The second form has the advantage of analysing the same (surface) string c as the original transducer yielding the intermediate string b that we solved the equation for. This is why constructing a lemma guesser transducer preferably uses the second transformation, as for the first one the analysis a would be needed beforehand:

>>> t_bc.analyze('c')
['b']

Another important fact about finite state transducers is that the associative law of composition holds, so we can use above transformation for extensive composition chains:

>>> src_abcd = '''
... $AB$ = a:b
... $BC$ = b:c
... $CD$ = c:d
... '''
>>> src_abcd1 = src_abcd + '''
... $ABCD1$ = ($AB$ || $BC$) || $CD$
... $ABCD1$
... '''
>>> abcd1 = compile(src_abcd1)
>>> src_abcd2 = src_abcd + '''
... $ABCD2$ = $AB$ || ($BC$ || $CD$)
... $ABCD2$
... '''
>>> abcd2 = compile(src_abcd2)
>>> abcd1.generate() == abcd2.generate()
True

There are two features of the SFST-PL which break the algebra presented when not handled properly:

1. Variables can be redefined later on and therefore would become ambiguous in a symbolic transformation of an SFST-PL source, as the defining order gets lost n the variable solving algorithm.

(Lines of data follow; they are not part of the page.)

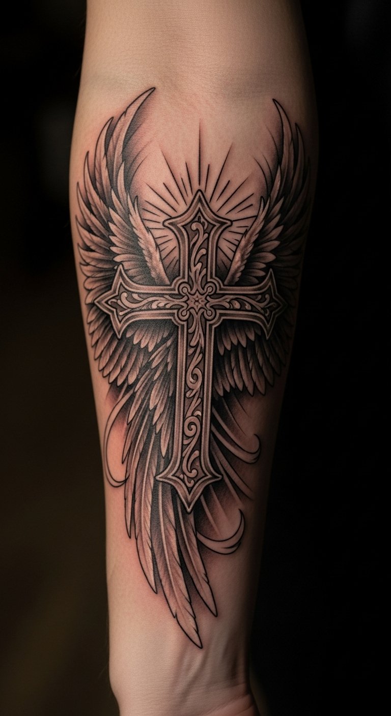 The cross with wings tattoo embodies the dual themes of faith and freedom, making it an inspiring piece of body art. Positioned on the forearm, this location allows for visibility, inviting conversations about its deeper meaning.
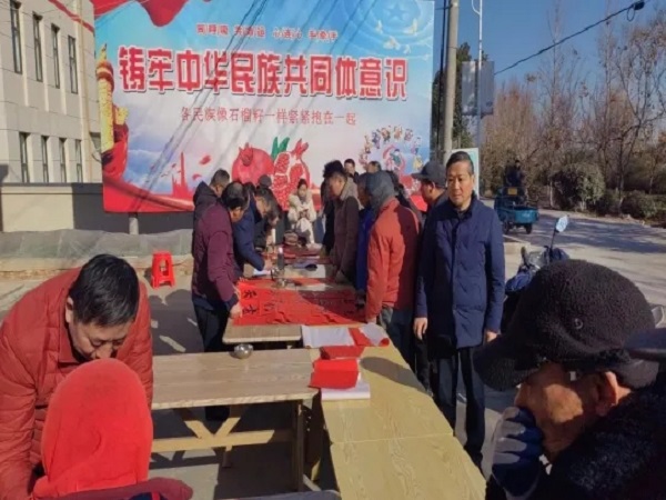 活动当天,南尖回民村广场上热闹非凡。青年志愿者们精神抖擞地迎接大家的到来。活动在一首欢快的民族歌舞中拉开序幕,大家载歌载舞,共同庆祝即将到来的新春佳节。随后,“妙笔流韵绘丹青”环节正式开始。市文联的书法爱好者们应邀来到广场,大家手执画笔,在画卷上挥洒自如,共同绘制出一幅幅寓意民族团结、和谐美好的画卷。在绘画过程中,志愿者们还与村民亲切交流,分享彼此的故事和感受。大家纷纷表示,这样的活动既有趣味性,又有教育意义,不仅在轻松愉快的氛围中感受到了新春佳节的喜庆氛围,增进了彼此之间的友谊,还深刻体会到了民族团结的重要性和意义。
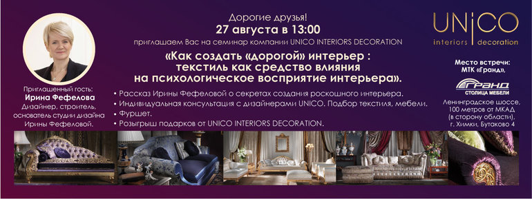 Интерьерные штучки.В субботу, 27 августа, в 13:00 во флагманском салоне интерьеров UNICO, состоится практический мастер-класс дизайнера, руководителя студии дизайна интерьеров, преподавателя Британской Высшей Школы Дизайна, Ирины Фефеловой.
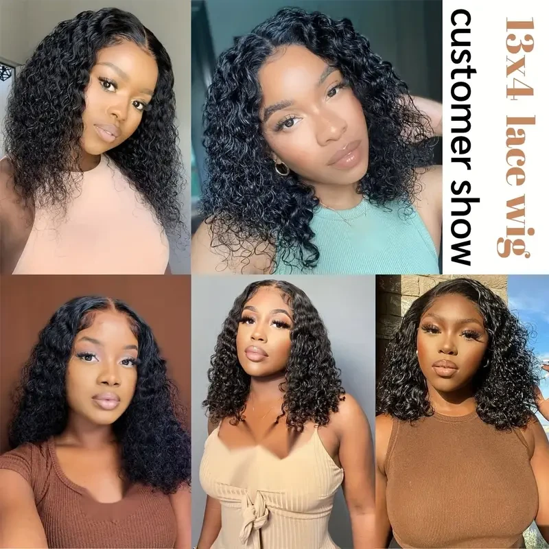 Curly Bob Wig Human Hair 13x4 HD Short Kinky Curly Lace Front Bob Wigs for Women Human Hair Pre Plucked Natural Hairline with Baby Hair 180% Density Natural Black Color

2. The ALPHABET is implicitly scoped: It potentially affects any transducer definition, e.g. wildcards or two-level rules (see the corresponding chapter in the SFST-Manual.pdf for a complete list) until the compiler encounters the next ALPHABET definition (which terminates the scope of the previous one).

Both features would forbid rearranging SFST-PL code lines. But once variables are (unambiguously) defined, they're no more affected by the ALPHABET. Therefore the pysfst resolver first disambiguates all variable names and then extracts the variable resolved for out of the variable definitions to bring it explicitly to the final transducer definition.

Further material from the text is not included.